### Data in this exercise
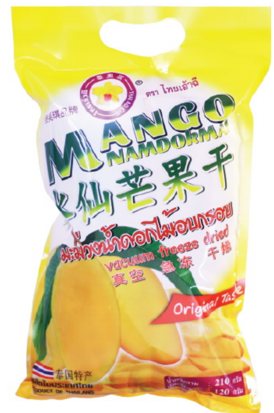
Mango 120 gm

SHELF LIFE : 18 MONTHS PACKING : 120 GM / CTN (20 GM x 6 BAGS) LOADING : 5,000 CTN / 20 FT
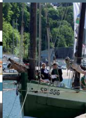
Le Grand Léjon Traditional sailing boat

At the mouth of the coastal river of Gouet, a port in the past oriented towards large-scale fishing, has evolved towards pleasure and commercial activities. Restricted by its bay head position in the line of the powerful tide, the Légué port was built from the desire of the boat-builders to gain even more access to the sea. Follow the quays and lift your gaze. On both sides of the marina, the maritime history reveals itself little by little.
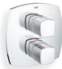
19 934 000 Thermostatic shower mixer ● ● ● ● ● 19 937 000 Thermostatic shower mixer with 2 way diverter ● ● ● ●
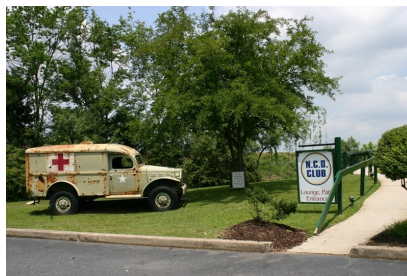
NCO Club entrance
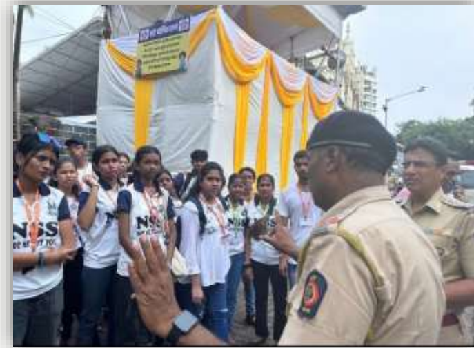
VOLUNTEERING AT MOUNT MARY, BANDRA FAIR
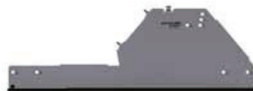
Polar Bear® FR
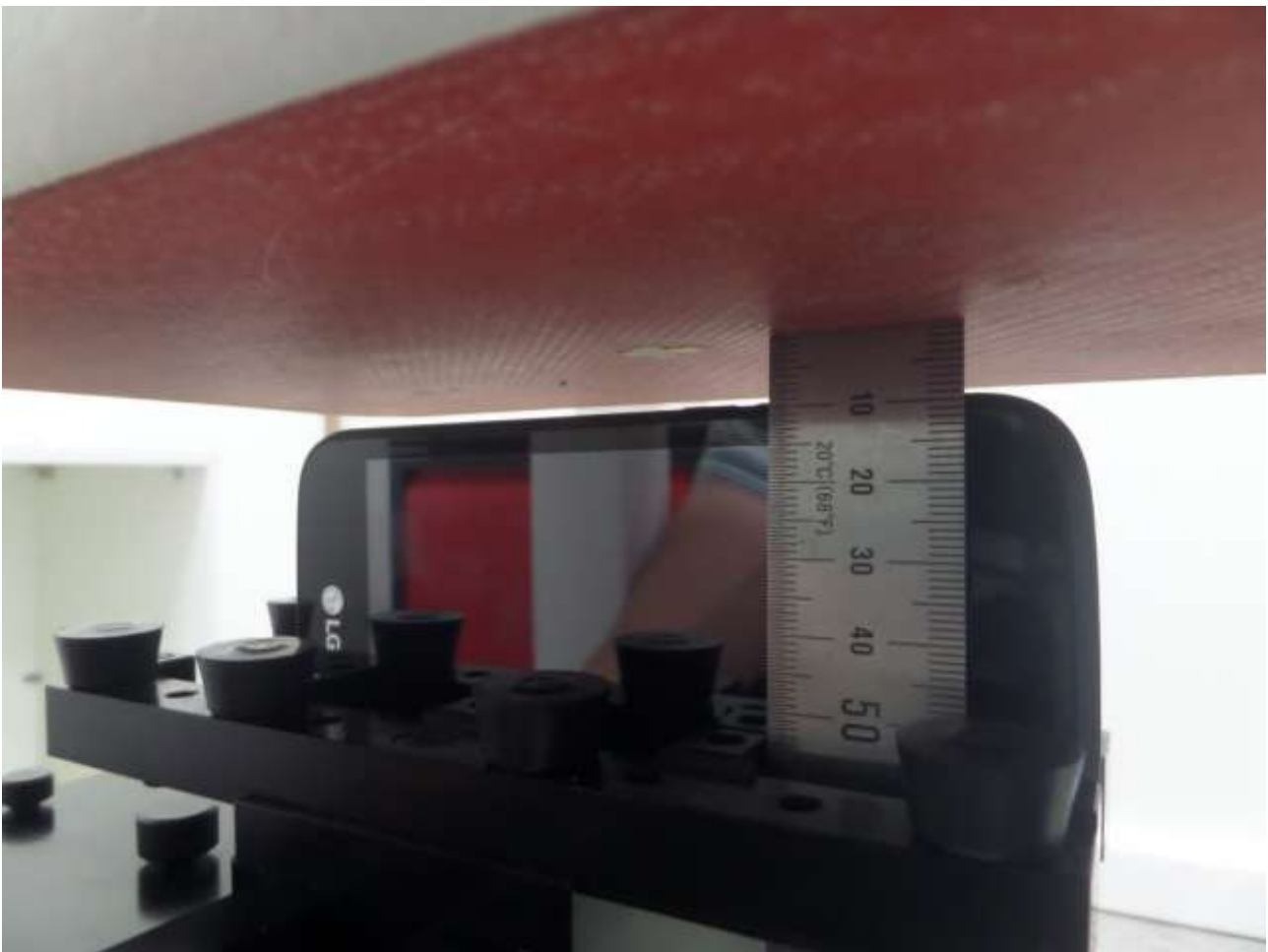
[Distance of 1.0 cm from the EUT]
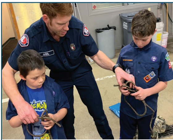
Scouts learn to tie a bowline knot at Scout Night, one of several engaging learning stations.

Advance registration is required. Visit eastpiercefirer.org for more event details and to register. ■
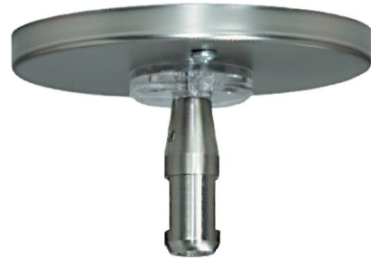
Shown in satin nickel

This single feed flush transformer with electronic transformer converts standard 120 line voltage to 12 volts to provide the necessary voltage for powering a Monorail low voltage lighting system. It can power lamps totaling up to 60 watts. The transformer, concealed by a decorative canopy, fits in junction box and features a fast acting secondary circuit breaker that will safely turn the system off should a short occur. Once the short has been removed the unit can be reset by simply flipping the wall switch off and back on. The shortest rigid standoff that can be used with this surface transformer is the 2 inch rigid standoff, sold separately. If dropping the rail more than 2 inches below the ceiling, order the desired rigid standoff length and one compatible power extender, sold separately.
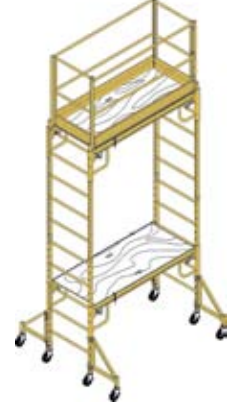
0127-006-2 2 Single Units w/ Guard Rail & 18" Wide Outriggers
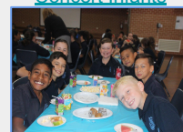
2018 June Principal Morning Tea
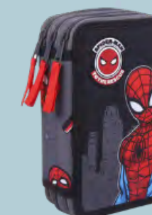
PLUMIER CON ACCESORIOS SPIDERMAN
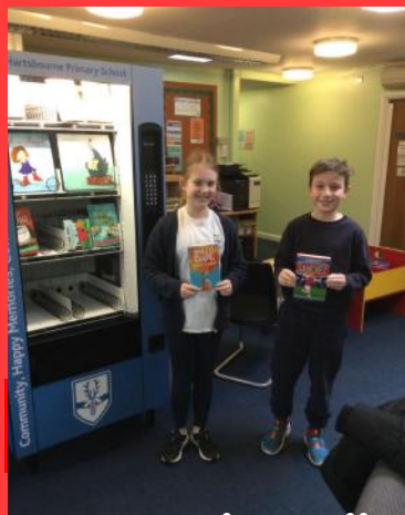
Receiving their well deserve books
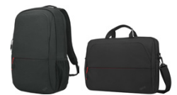
ThinkPad Essential Backpack and Topload (Eco)
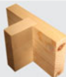
Through housing joint using tenon slide template.
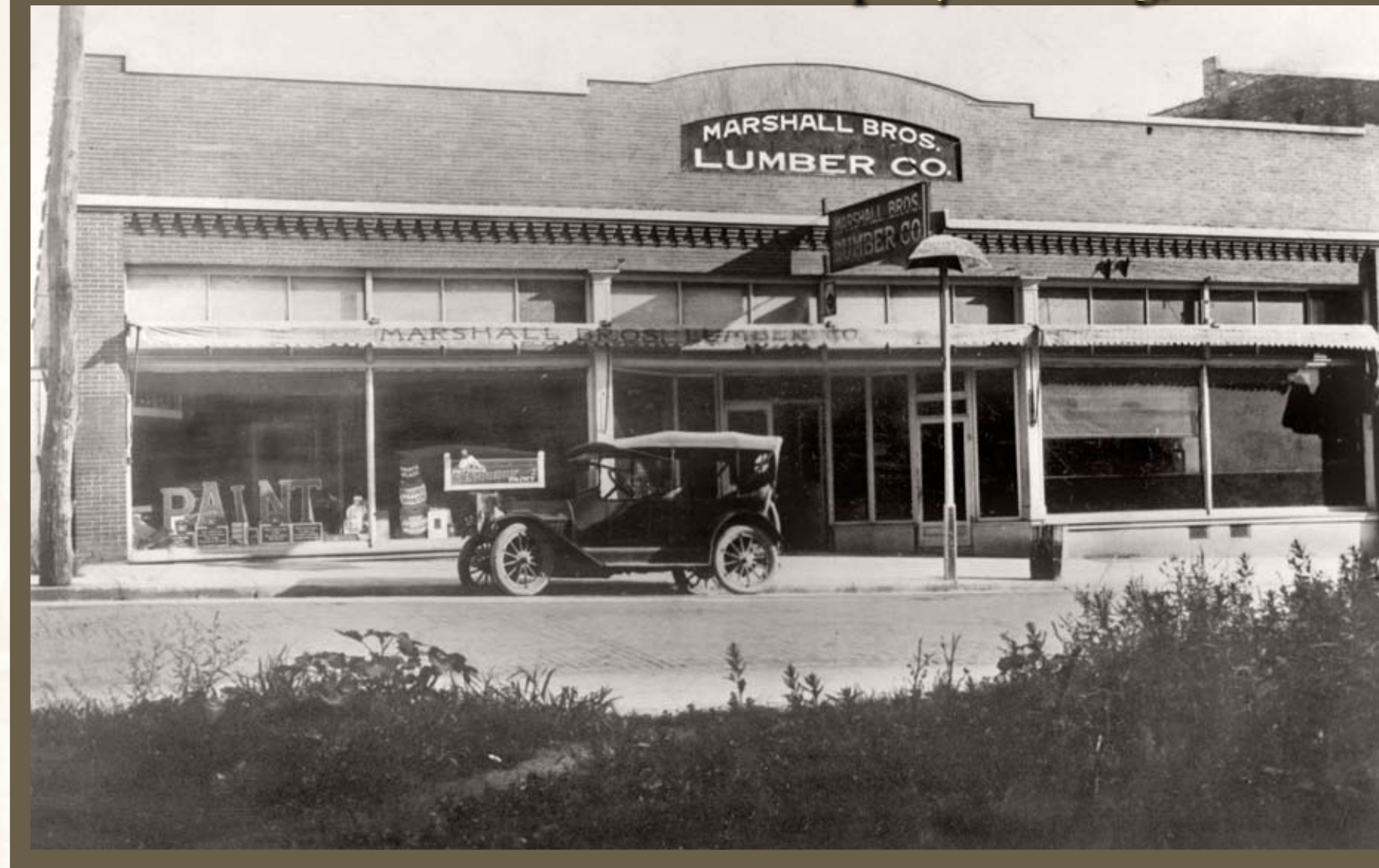
The Marshall Brothers Lumber Company building, ca. 1930.
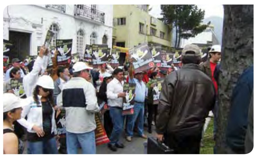
PSI affiliate municipal and provincial government workers protest elimination of their trade union rights in Ecuador

protests throughout the country, which erupted into violence when police officers and soldiers took over Quito airport, shutting it down. PSI affiliates FETRALME and FENOCOPRE (representing municipal and provincial government workers) are part of the National Coordination of Public Sector Unions, a coalition of unions working to reverse these measures, including through use of the International Labour Organization's supervisory mechanisms. \circledast
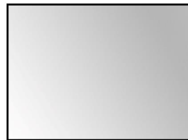
MIDNIGHT MIRROR 900 x 750 x 20 ALUMINIUM FRAME MATT BLACK CAN BE MOUNTED LANDSCAPE OR PORTRAIT
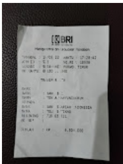
Payment 1570764342.jpeg 75K

Sobat BRI! Dana Rp 4.300.000,00 keluar dari rekening 3013***4533 pada 18/05/22 17:28:42. Ket.: 601301025781134 0#0000000 18536 #ATM #TRFLA
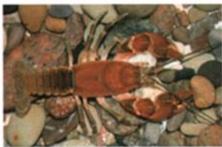
The Short Mountain crayfish ( Cambarus clivosus ) a narrowly endemic species found only in central Tennessee and ranked as Threatened.

RESUMEN: En el presente trabajo, El Comité para el Estudio de Especies Amenazadas de la Sociedad Americana de Pesquerías presenta una lista de todos los langostinos (familias Astacidae y Cambaridae) presentes en los Estados Unidos y Canadá, que incluye nombres comunes, distribución estatal y municipal, una revisión del estado de conservación de todos los taxa y referencias sobre su biología, conservación y distribución. La lista incluye 363 langostinos autóctonos, de los cuales dos taxa (< 1%) se catalogan como amenazados, posiblemente extintos; 66 (18.2%) se consideran en peligro; 52 (14.3%) están amenazados; 54 (14.9%) son vulnerables; y 189 (52.1%) se encuentran actualmente en condición estable. El principal factor responsable de la vulnerabilidad de los langostinos es su limitado rango natural de distribución; otras amenazas incluyen la introducción de especies foráneas de langostinos y la alteración del hábitat. Si bien se ha progresado en cuanto al reconocimiento de las amenazas hacia los langostinos, aún existe mucho trabajo por hacer.
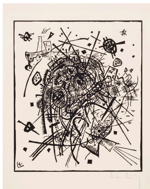
Sheet VIII. Wassily Kandinsky: Small Worlds VIII , 1922. Roethel 171. Woodcut. 273 x 233 mm. National Gallery of Denmark, SMK Photo.
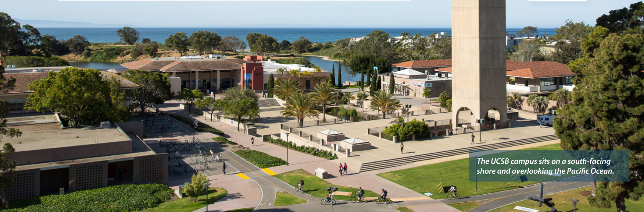
The UCSB campus sits on a south-facing shore and overlooking the Pacific Ocean.

Experience. Integrity. Trust. Since 1993
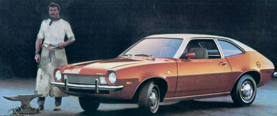
Basic Pinto 2-Door Sedan with Vinyl Top, Luxury Decor Group and Bumper Guards.
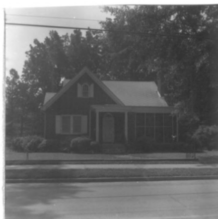
Ray Young House (#73)
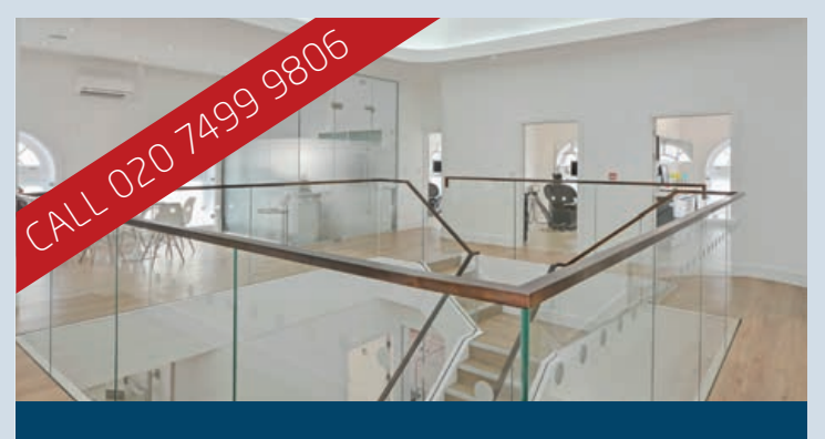
NEW PATIENTS WELCOME
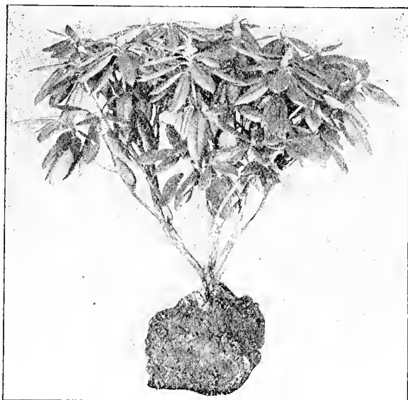
Specimen Rhododendron. Large bushy plants, transplanted last spring. Each plant dug with a ball.

These Pyramidal Arbor-Vitæ are extra fine plants, several times sheared and transplanted. They would be dug with a ball and the ball sewed in burlap, insuring success in transplanting. If customers do not care to have them with a ball, they will be supplied at 10c. per tree less than prices quoted, but this will not be done unless expressly stated in the order.
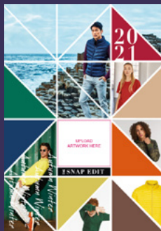
COVER B 69(w) X 60(h)mm*
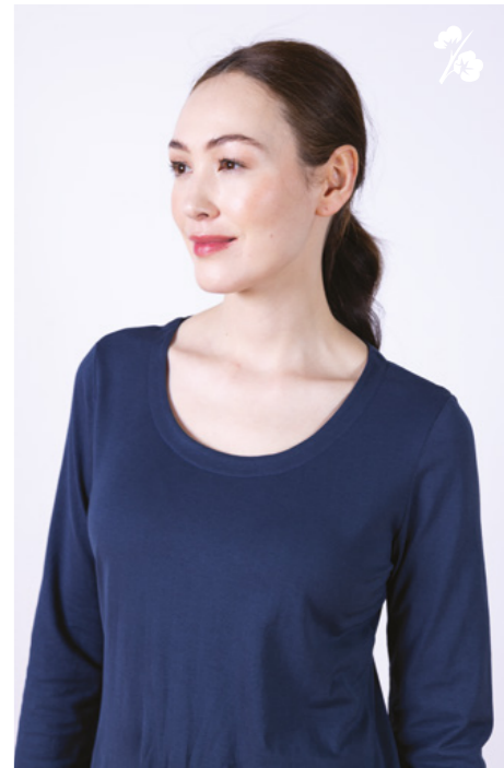
JP4232 / Collared Jersey Top 100% GOTS Organic Cotton Jersey Oxford / Sizes 8-20

### Activity
In transcribing the listing, keep each word as it is and drop the pictures.

### Answer space
Mango 120 gm

SHELF LIFE : 18 MONTHS PACKING : 120 GM / CTN (20 GM x 6 BAGS) LOADING : 5,000 CTN / 20 FT
Le Grand Léjon Traditional sailing boat

At the mouth of the coastal river of Gouet, a port in the past oriented towards large-scale fishing, has evolved towards pleasure and commercial activities. Restricted by its bay head position in the line of the powerful tide, the Légué port was built from the desire of the boat-builders to gain even more access to the sea. Follow the quays and lift your gaze. On both sides of the marina, the maritime history reveals itself little by little.
19 934 000 Thermostatic shower mixer ● ● ● ● ● 19 937 000 Thermostatic shower mixer with 2 way diverter ● ● ● ●
NCO Club entrance
VOLUNTEERING AT MOUNT MARY, BANDRA FAIR
Polar Bear® FR
[Distance of 1.0 cm from the EUT]
Scouts learn to tie a bowline knot at Scout Night, one of several engaging learning stations.

Advance registration is required. Visit eastpiercefirer.org for more event details and to register. ■
Shown in satin nickel

This single feed flush transformer with electronic transformer converts standard 120 line voltage to 12 volts to provide the necessary voltage for powering a Monorail low voltage lighting system. It can power lamps totaling up to 60 watts. The transformer, concealed by a decorative canopy, fits in junction box and features a fast acting secondary circuit breaker that will safely turn the system off should a short occur. Once the short has been removed the unit can be reset by simply flipping the wall switch off and back on. The shortest rigid standoff that can be used with this surface transformer is the 2 inch rigid standoff, sold separately. If dropping the rail more than 2 inches below the ceiling, order the desired rigid standoff length and one compatible power extender, sold separately.
0127-006-2 2 Single Units w/ Guard Rail & 18" Wide Outriggers
2018 June Principal Morning Tea
PLUMIER CON ACCESORIOS SPIDERMAN
Receiving their well deserve books
ThinkPad Essential Backpack and Topload (Eco)
Through housing joint using tenon slide template.
The Marshall Brothers Lumber Company building, ca. 1930.
PSI affiliate municipal and provincial government workers protest elimination of their trade union rights in Ecuador

protests throughout the country, which erupted into violence when police officers and soldiers took over Quito airport, shutting it down. PSI affiliates FETRALME and FENOCOPRE (representing municipal and provincial government workers) are part of the National Coordination of Public Sector Unions, a coalition of unions working to reverse these measures, including through use of the International Labour Organization's supervisory mechanisms. \circledast
MIDNIGHT MIRROR 900 x 750 x 20 ALUMINIUM FRAME MATT BLACK CAN BE MOUNTED LANDSCAPE OR PORTRAIT
Payment 1570764342.jpeg 75K

Sobat BRI! Dana Rp 4.300.000,00 keluar dari rekening 3013***4533 pada 18/05/22 17:28:42. Ket.: 601301025781134 0#0000000 18536 #ATM #TRFLA
The Short Mountain crayfish ( Cambarus clivosus ) a narrowly endemic species found only in central Tennessee and ranked as Threatened.

RESUMEN: En el presente trabajo, El Comité para el Estudio de Especies Amenazadas de la Sociedad Americana de Pesquerías presenta una lista de todos los langostinos (familias Astacidae y Cambaridae) presentes en los Estados Unidos y Canadá, que incluye nombres comunes, distribución estatal y municipal, una revisión del estado de conservación de todos los taxa y referencias sobre su biología, conservación y distribución. La lista incluye 363 langostinos autóctonos, de los cuales dos taxa (< 1%) se catalogan como amenazados, posiblemente extintos; 66 (18.2%) se consideran en peligro; 52 (14.3%) están amenazados; 54 (14.9%) son vulnerables; y 189 (52.1%) se encuentran actualmente en condición estable. El principal factor responsable de la vulnerabilidad de los langostinos es su limitado rango natural de distribución; otras amenazas incluyen la introducción de especies foráneas de langostinos y la alteración del hábitat. Si bien se ha progresado en cuanto al reconocimiento de las amenazas hacia los langostinos, aún existe mucho trabajo por hacer.
Sheet VIII. Wassily Kandinsky: Small Worlds VIII , 1922. Roethel 171. Woodcut. 273 x 233 mm. National Gallery of Denmark, SMK Photo.
The UCSB campus sits on a south-facing shore and overlooking the Pacific Ocean.

Experience. Integrity. Trust. Since 1993
Basic Pinto 2-Door Sedan with Vinyl Top, Luxury Decor Group and Bumper Guards.
Ray Young House (#73)
NEW PATIENTS WELCOME
Specimen Rhododendron. Large bushy plants, transplanted last spring. Each plant dug with a ball.

These Pyramidal Arbor-Vitæ are extra fine plants, several times sheared and transplanted. They would be dug with a ball and the ball sewed in burlap, insuring success in transplanting. If customers do not care to have them with a ball, they will be supplied at 10c. per tree less than prices quoted, but this will not be done unless expressly stated in the order.
COVER B 69(w) X 60(h)mm*
JP4232 / Collared Jersey Top 100% GOTS Organic Cotton Jersey Oxford / Sizes 8-20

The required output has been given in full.